-- ACTIVITY --
The needed output is the run of lines below from the one containing "Our Luxe Woven" through the one containing "Uma colisão envolvendo", copied exactly and free of pictures.

-- PROVIDED RECORDS --
---
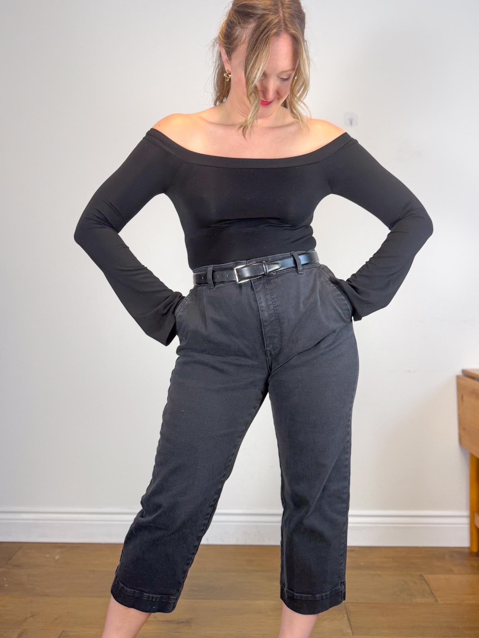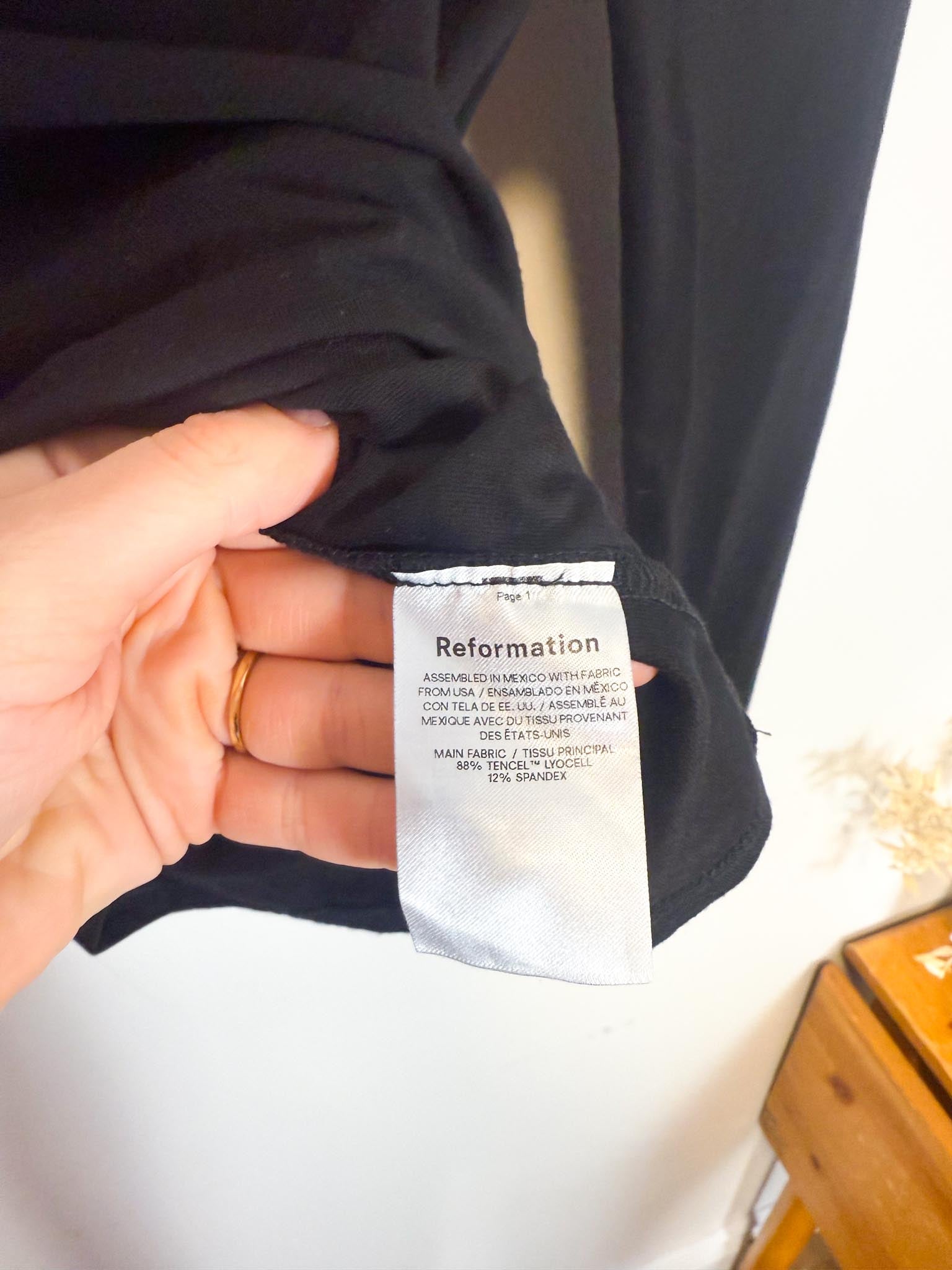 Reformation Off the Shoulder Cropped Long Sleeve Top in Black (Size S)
---
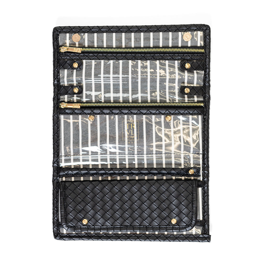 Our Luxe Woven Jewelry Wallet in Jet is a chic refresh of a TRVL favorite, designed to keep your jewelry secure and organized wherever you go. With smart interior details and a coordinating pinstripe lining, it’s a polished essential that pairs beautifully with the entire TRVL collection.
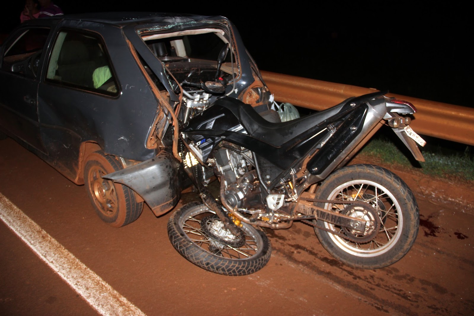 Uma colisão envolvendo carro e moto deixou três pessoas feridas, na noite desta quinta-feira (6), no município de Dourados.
---
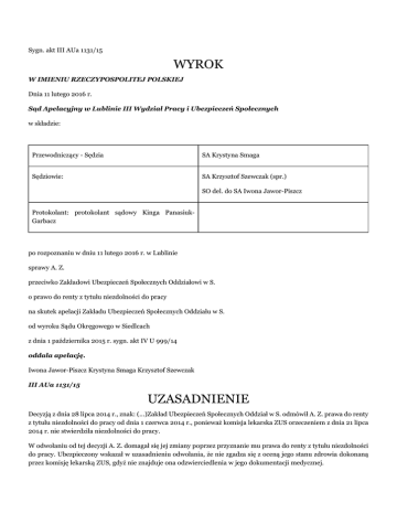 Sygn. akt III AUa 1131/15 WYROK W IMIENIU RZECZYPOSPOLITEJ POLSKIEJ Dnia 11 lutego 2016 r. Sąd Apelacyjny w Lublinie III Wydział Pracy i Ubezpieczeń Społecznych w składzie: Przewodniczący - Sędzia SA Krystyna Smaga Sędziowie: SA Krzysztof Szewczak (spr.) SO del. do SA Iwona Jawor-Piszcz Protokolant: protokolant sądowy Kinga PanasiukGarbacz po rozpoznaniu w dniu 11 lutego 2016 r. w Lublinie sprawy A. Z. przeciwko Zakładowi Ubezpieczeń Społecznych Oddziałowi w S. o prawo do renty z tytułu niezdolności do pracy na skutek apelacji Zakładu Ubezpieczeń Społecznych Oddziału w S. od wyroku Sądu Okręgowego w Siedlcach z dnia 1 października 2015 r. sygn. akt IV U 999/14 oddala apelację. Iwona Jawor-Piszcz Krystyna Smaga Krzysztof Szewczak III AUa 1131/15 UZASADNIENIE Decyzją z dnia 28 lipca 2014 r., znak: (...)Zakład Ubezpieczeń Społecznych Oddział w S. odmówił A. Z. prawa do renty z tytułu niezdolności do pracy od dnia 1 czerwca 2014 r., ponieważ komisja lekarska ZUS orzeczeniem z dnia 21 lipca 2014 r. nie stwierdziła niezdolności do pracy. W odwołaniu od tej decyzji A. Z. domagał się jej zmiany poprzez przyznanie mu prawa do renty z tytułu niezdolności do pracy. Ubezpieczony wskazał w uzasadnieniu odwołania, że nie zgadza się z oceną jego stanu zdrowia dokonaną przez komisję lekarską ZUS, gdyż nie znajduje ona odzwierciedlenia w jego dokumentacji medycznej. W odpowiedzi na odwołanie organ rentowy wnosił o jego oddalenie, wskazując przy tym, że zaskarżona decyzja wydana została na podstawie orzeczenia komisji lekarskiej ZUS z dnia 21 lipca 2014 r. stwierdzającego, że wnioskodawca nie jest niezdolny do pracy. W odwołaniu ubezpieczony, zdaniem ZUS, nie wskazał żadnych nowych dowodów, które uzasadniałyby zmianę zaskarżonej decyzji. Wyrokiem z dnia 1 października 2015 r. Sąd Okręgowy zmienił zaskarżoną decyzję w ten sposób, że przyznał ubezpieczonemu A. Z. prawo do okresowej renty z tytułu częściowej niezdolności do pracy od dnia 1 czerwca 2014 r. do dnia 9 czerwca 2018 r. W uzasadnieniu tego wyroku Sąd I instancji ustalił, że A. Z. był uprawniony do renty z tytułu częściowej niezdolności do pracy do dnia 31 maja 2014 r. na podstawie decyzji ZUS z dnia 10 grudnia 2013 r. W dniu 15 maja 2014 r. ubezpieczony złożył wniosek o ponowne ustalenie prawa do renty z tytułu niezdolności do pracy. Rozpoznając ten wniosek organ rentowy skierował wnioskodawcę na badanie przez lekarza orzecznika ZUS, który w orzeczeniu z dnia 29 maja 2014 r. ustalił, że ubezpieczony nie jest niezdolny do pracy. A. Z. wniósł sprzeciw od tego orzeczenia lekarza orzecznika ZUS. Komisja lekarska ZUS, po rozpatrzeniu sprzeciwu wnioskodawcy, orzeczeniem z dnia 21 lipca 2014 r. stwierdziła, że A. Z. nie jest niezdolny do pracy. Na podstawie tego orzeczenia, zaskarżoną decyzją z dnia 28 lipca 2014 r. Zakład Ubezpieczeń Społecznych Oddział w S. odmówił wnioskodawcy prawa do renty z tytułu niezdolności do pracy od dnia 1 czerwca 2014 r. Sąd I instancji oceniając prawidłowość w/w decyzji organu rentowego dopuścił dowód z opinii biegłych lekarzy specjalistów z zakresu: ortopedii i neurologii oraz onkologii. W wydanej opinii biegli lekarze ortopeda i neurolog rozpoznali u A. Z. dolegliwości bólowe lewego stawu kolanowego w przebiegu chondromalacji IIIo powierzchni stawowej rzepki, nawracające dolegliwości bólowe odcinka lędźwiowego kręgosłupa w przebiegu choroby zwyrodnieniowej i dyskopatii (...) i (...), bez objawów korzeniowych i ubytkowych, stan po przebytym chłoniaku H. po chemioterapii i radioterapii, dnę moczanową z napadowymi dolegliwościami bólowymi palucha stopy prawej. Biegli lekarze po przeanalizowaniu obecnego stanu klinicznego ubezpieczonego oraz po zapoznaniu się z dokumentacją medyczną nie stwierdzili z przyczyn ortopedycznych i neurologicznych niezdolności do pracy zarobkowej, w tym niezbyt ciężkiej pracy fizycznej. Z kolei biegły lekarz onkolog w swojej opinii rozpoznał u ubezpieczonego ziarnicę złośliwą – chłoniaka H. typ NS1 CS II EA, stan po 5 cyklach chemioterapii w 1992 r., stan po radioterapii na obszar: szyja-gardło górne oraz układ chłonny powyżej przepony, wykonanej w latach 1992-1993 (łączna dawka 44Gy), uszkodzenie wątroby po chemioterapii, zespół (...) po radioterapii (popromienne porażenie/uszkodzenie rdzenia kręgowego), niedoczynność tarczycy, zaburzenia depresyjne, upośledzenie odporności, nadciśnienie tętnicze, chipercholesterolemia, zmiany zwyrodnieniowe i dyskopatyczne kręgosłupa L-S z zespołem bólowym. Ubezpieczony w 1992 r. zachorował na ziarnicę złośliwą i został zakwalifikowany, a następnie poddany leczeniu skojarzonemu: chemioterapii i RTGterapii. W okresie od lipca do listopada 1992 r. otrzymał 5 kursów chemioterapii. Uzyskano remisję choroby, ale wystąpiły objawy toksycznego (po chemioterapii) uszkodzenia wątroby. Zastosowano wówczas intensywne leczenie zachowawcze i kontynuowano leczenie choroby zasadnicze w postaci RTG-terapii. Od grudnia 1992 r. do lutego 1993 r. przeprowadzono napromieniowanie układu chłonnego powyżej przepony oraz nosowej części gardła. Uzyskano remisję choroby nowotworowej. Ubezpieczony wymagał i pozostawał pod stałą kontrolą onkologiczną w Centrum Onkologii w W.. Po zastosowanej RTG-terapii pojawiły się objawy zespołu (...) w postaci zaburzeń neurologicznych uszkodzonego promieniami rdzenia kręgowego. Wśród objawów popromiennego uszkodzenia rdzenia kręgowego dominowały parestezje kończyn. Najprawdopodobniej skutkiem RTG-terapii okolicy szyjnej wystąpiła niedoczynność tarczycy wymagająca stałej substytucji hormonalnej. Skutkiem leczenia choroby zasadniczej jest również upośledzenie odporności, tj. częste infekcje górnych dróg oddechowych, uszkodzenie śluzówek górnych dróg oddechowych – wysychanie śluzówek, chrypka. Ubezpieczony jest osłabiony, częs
---
-- ANSWER FOR THE TASK --
 Our Luxe Woven Jewelry Wallet in Jet is a chic refresh of a TRVL favorite, designed to keep your jewelry secure and organized wherever you go. With smart interior details and a coordinating pinstripe lining, it’s a polished essential that pairs beautifully with the entire TRVL collection.
 Uma colisão envolvendo carro e moto deixou três pessoas feridas, na noite desta quinta-feira (6), no município de Dourados.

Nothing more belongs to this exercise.